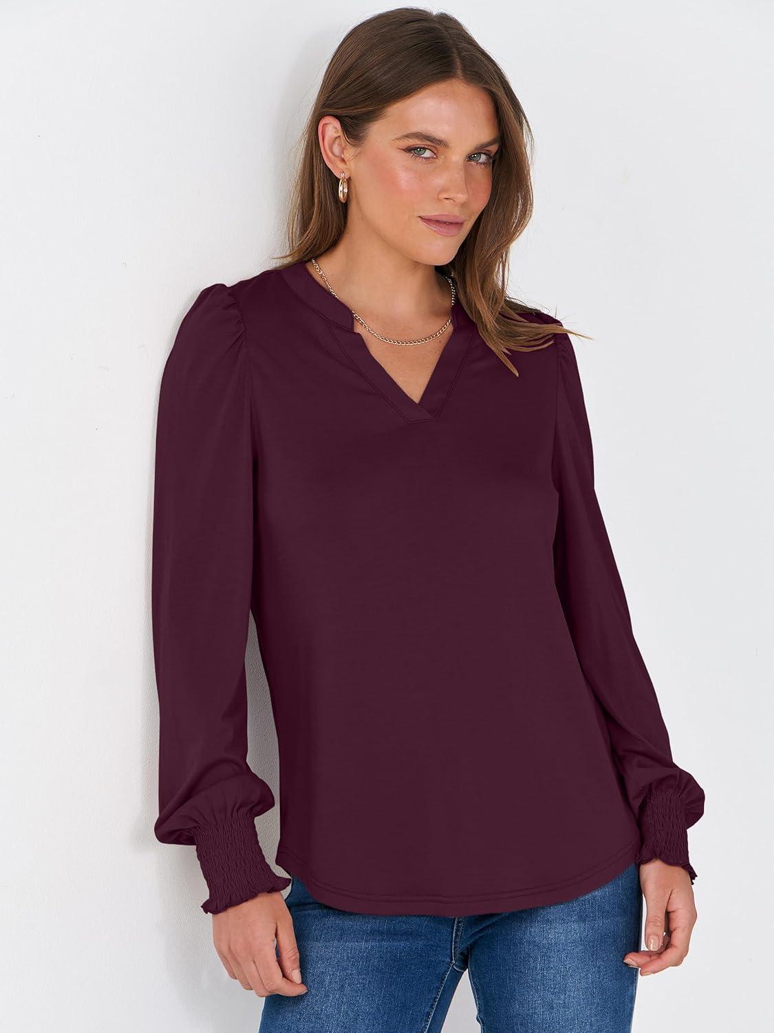 ANRABESS Women's Puff Long Sleeve Shirts V Neck Loose T-Shirts Dressy Casual Work Blouses 2025 Fall Tops Trendy Clothes(Burgundy)
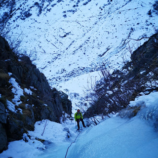 Andiamo all'attacco con Luca e Matteo conosciuti al parcheggio. Loro attaccano a dx e noi a sx per lasciare a loro la precedenza e evitare scariche di ghiaccio. Dopo una ravanatatra ci accorgiamo subito di tratti di ghiaccio bagnato e sulla capoccia ci sono dei bei "festoni" carichi di acqua e ghiaccio non molto rassicuranti.
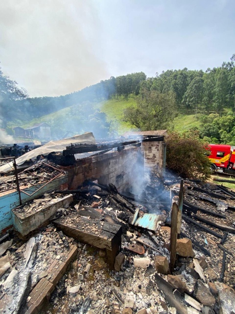 Um incêndio destruiu completamente uma casa na comunidade de Linha Seis Barras, no interior de São José do Cedro, no início da tarde desta quinta-feira (23). O Corpo de Bombeiros Militar foi acionado por volta das 12h32, mobilizando as guarnições das viaturas ABTR-141 e ASU-518.
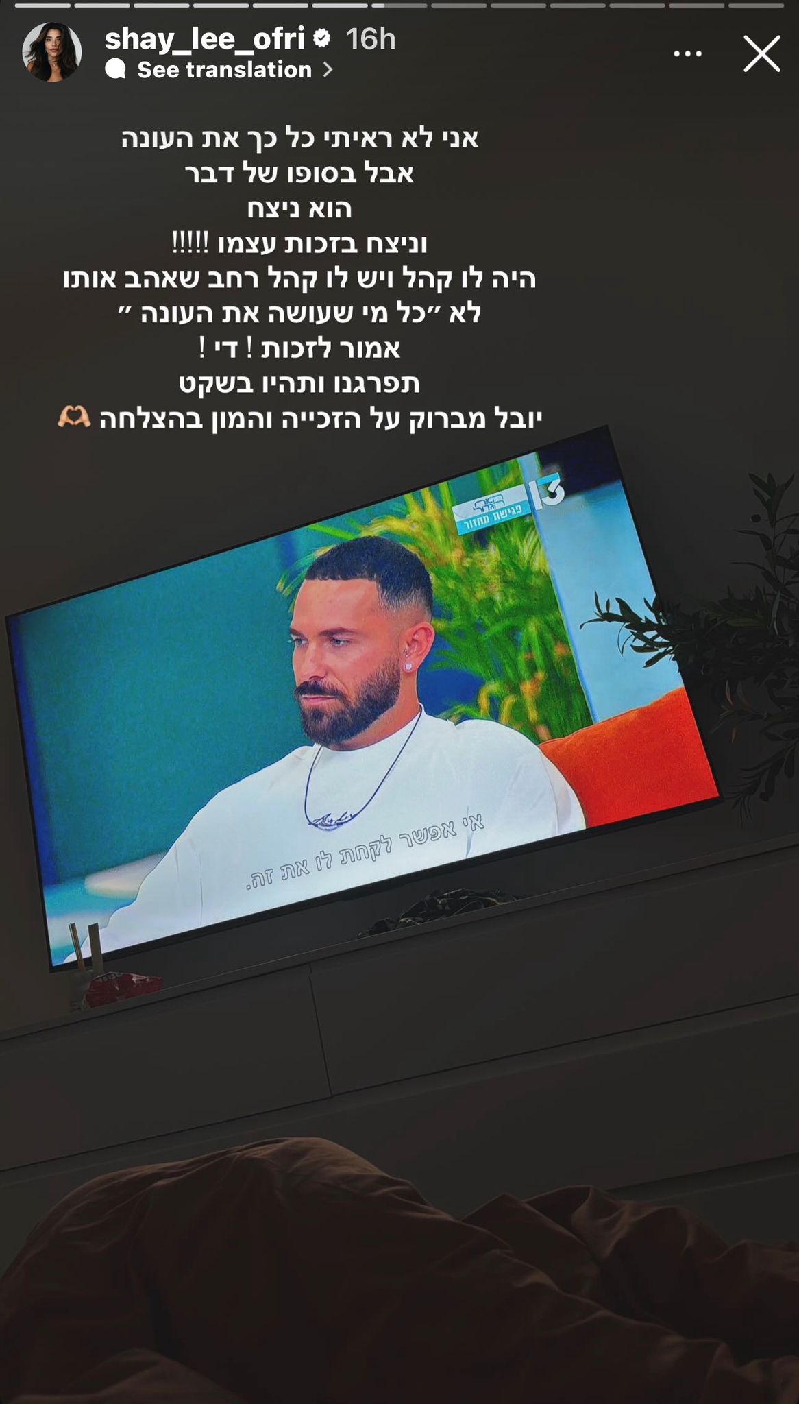 כך כתבה עופרי: "אני לא ראיתי כל כך את העונה, אבל בסופו של דבר הוא ניצח וניצח בזכות עצמו!! היה לו קהל ויש לו קהל רחב שאהב אותו, לא כל מי 'שעונה את העונה' אמור לזכות! די! תפרגנו ותהיו בשקט"; צפו בסטורי.

TASK OBJECTIVE. Leave the pictures aside and print exactly, and only, the lines from the one with "Um incêndio destruiu" through the end of the data, both included.

EXERCISE ANSWER.
 Um incêndio destruiu completamente uma casa na comunidade de Linha Seis Barras, no interior de São José do Cedro, no início da tarde desta quinta-feira (23). O Corpo de Bombeiros Militar foi acionado por volta das 12h32, mobilizando as guarnições das viaturas ABTR-141 e ASU-518.
 כך כתבה עופרי: "אני לא ראיתי כל כך את העונה, אבל בסופו של דבר הוא ניצח וניצח בזכות עצמו!! היה לו קהל ויש לו קהל רחב שאהב אותו, לא כל מי 'שעונה את העונה' אמור לזכות! די! תפרגנו ותהיו בשקט"; צפו בסטורי.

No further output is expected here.